A form of Cafeteria plans, also known as “flexible benefits plans”, under IRC §125, offers a proven way for employers to reduce taxes, manage and minimize dramatic increases in the cost of employee benefits while simultaneously improving their ability to meet the diverse benefit needs of their employees. §125 Cafeteria plans provide improved flexibility in benefit offerings at a modest cost. Employers seeking to contain the cost of benefits can adopt §125 Cafeteria plans to minimize the impact of cost increases to their employees and themselves.
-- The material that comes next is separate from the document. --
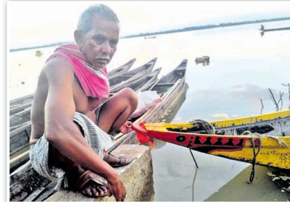
ନୂଆଁଖାଇର ନିଆରା ପରମ୍ପରା

ମଣିଷ ସେଦିନ କୋଭିଡ଼ ମହାମାରୀ କାଳର ସାମାଜିକ ଦୂରତାକୁ ଅଙ୍ଗେ ନିଭାଇଥିଲା। କେବଳ ପ୍ରବାସୀ ନୁହଁ, ପରିବାର, ଗାଁ ଓ ସହର ଭିତରେ ପାତିତ ମଣିଷଟିଏ କେତେ ଅଲୋଚା, ଅବହେଳା ଏବଂ ଅମାନବିକ ପରିସ୍ଥିତିରେ ସମ୍ମୁଖୀନ ହେଲା। ସେଇ ଗଭୀର ପାତା ଆଜି ଅନେକଙ୍କ ଅନ୍ତର୍ଦ୍ଧନକୁ ଦେହଲାଲ ଦେଉଛି। କୋଭିଡ଼ ସମାଜରେ ସାମାଜିକ ପାଟ ଓ ଦୂରତା ସୃଷ୍ଟି କରିଥିଲା। ଏଭଳି ସମୟରେ କୋଭିଡ଼ ପରବର୍ତ୍ତୀ ନୂଆଁଖାଇ ଅଧିକ ପ୍ରାସଙ୍ଗିକ ହୋଇପଡ଼ିଛି। ସାମାଜିକ ଦୂରତାରୁ ସାମାଜିକ ନିବିଡ଼ତା ଆଡ଼କୁ ପୁଣି ଥରେ ମଣିଷକୁ ଫେରାଇ ନେବାକୁ ନୂଆଁ ଆହ୍ୱାନ ନେଇ ଆସିଛି ନୂଆଁଖାଇ। - ରିପୋର୍ଟ: ବୀରେନ୍ଦ୍ର କୁମାର ଝାଙ୍କର

Employers can meet all of these needs and realize significant gains with a §125 Cafeteria plan by using any of the following types of accounts:

  1. Premium Conversion Accounts that allow employees to pay group insurance premiums with pre-tax dollars (i.e. Health, dental, and vision insurance premiums).
  2. Health Care Flexible Spending Accounts that allow §213(d) healthcare expenses to be paid with pre-tax dollars (co-pays, deductibles, prescription drugs, etc.).
  3. Dependent Care Flexible Spending Accounts that allow the payment of child or dependent day care expenses with pre-tax dollars.

Employer Advantages:

  • Utilization of current tax laws can result in substantial benefit cost savings
  • Creates a system that efficiently allows employees to pay for certain benefits with pre-tax dollars
  • Allows greater flexibility in the choice of benefit offerings to all employees
  • Educates employees about provided benefits and provides an incentive to utilize them efficiently
  • Gives employees “ownership” of their coverage and provides for greater employee appreciation

Employee Advantages:

  • Reduces taxable income without reducing benefit coverage
  • Increases spendable income without reducing benefit coverage
  • Allows for pre-tax deductions for group insurance premiums (health, dental, vision), dependant care expenses, and even reimbursable healthcare expenses
  • Often creates greater choice & flexibility in available employer-provided benefits

Set-up and administrative costs of a §125 Cafeteria plan are modest and are generally more than offset by the tax savings realized. Therefore, such plans are economically feasible for even the smallest employers.